Israel eventually turned around the tides of disaster with a daring operation led by General Ariel Sharon across the Suez Canal and surrounded the Egyptian Third Army thereby forcing Egypt to call for a cease fire. The American Secretary of State Henry Kissinger persuaded President Nixon (in the midst of Watergate hearings) on the 10th day of the war to send massive armaments to Israel to replenish all that was lost in the fighting of the first days. Israel prevailed on the battlefield in the end, but the shock of the war on the Israeli psyche was as great as anything since the War of Independence in 1948.
During the nearly three weeks of war, I volunteered for night duty (10 pm to 6 am) at one of Israel’s large bakeries, Berman Bakery, and worked alongside 40 international volunteers and a skeletal staff of 20 Israeli Jews who were assigned by the government to bake bread for the Jerusalem municipality and for the troops in the south. On the night before Sukkot that year, we baked 80,000 loaves of challah, a grueling task. At the end of our shift each morning, we volunteers were transported back to the center of Jerusalem where we were picked up the night before and dropped off. From there, in the dark, I walked back to my dorm in a totally blacked-out city. Thousands of stars sparkled in the moonless night before dawn belying the ferocious fighting in the north and south. Cold and filthy from work, I took a cold shower (all heat in the dorm was shut down), climbed into a sleeping bag on my bed in my 45 degree Fahrenheit room, and fell asleep. The Israeli Civil Guard had taken up residence in the downstairs of the dorm throughout the war. (Years later that dorm was torn down and converted into an expensive condominium complex.)
My dean of students, Professor of Hebrew Literature Ezra Spicehandler (z’l), had told my class of 53 rabbinic and education students on the 2nd day of the war that Israel would be victorious within a week. He was expressing the over-confidence (and hubris) of a nation that won the 1967 war in 6 days. Only Golda, her generals, and the troops on the two fronts thought otherwise. It was a terrible three weeks. Yom Haaztmaut in April, 1974 was low-key. The country was in mourning throughout the year.
The day I left Israel to return home to Los Angeles in May 1974, Palestinian terrorists dressed as Israeli soldiers sneaked into Maalot in the north and took hostage over a two-day period 115 Israelis including 105 children. The attack ended in the murder of 25 hostages and six other civilians including 22 children were killed. 68 more were injured.

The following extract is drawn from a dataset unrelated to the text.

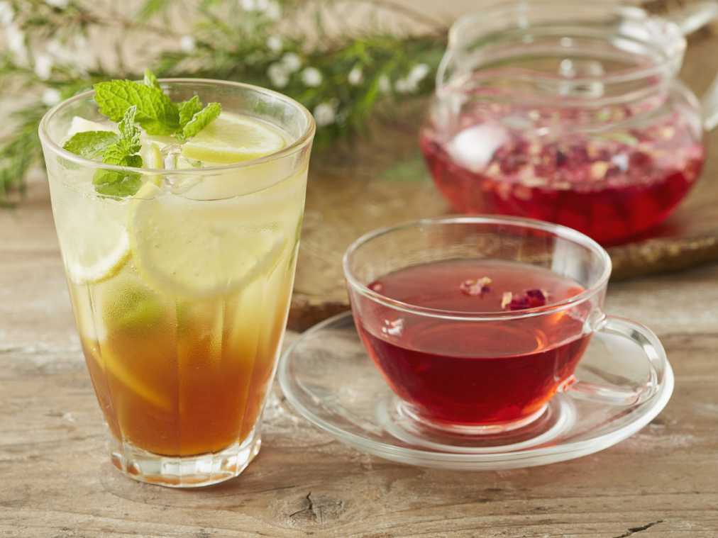 ノンカフェインの「ハイビスカスとローズヒップのフルーツティー(※写真右)」870円は8月30日から通年販売が予定されているので、こちらも楽しみ!

Anwar Sadat, President of Egypt, needed to be able to claim a victory (as limited as it was in the first days of the war) into to make peace with Israel 5 years later.
The memories of Yom Kippur 1973 and those three weeks of war have never left me. It was a turning point for Israel and resulted in the resignation of Moshe Dayan and Golda Meir, among others, though Golda was not blamed by the Agranat Commission of Inquiry into the war the next year. As she herself said, “I am a politician, not a general.” But, the loss of Israeli life weighed heavily upon her for the rest of her life.
Zichronam livracha – May the memory of all those who gave their lives in the defense of Israel be an abiding blessing.